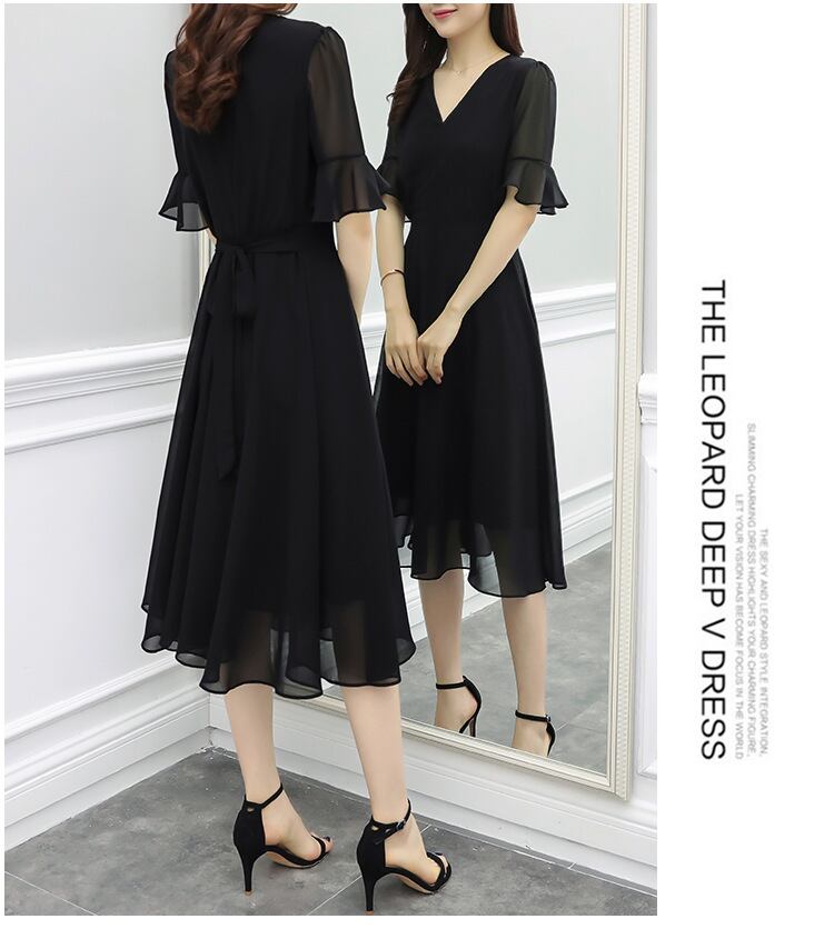 シフォンフリルスリーブフレアワンピース フェミニン オフィスカジュアル 318
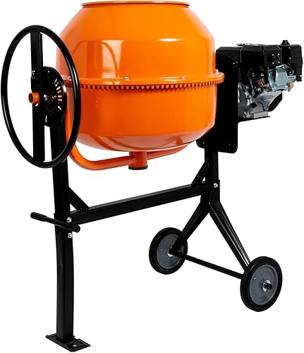 160L Betoniera mobile a benzina, motore a benzina da 6,5 CV, 4 tempi, telaio, tamburo e corona dentata in acciaio, volante bloccabile, ampia pedana, betoniera professionale, tamburo girevole
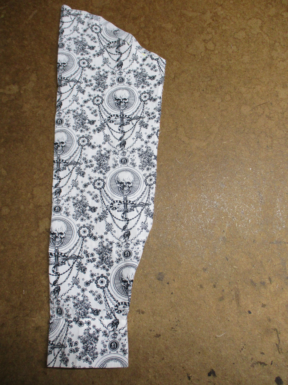 14枚目は見本の幅に合わせて脇から肘にかけて生地をカットしてきます。

TASK TO CARRY OUT.
Apart from the pictures, every line of the data above should be given again exactly.

TASK SOLUTION.
 シフォンフリルスリーブフレアワンピース フェミニン オフィスカジュアル 318
 160L Betoniera mobile a benzina, motore a benzina da 6,5 CV, 4 tempi, telaio, tamburo e corona dentata in acciaio, volante bloccabile, ampia pedana, betoniera professionale, tamburo girevole
 14枚目は見本の幅に合わせて脇から肘にかけて生地をカットしてきます。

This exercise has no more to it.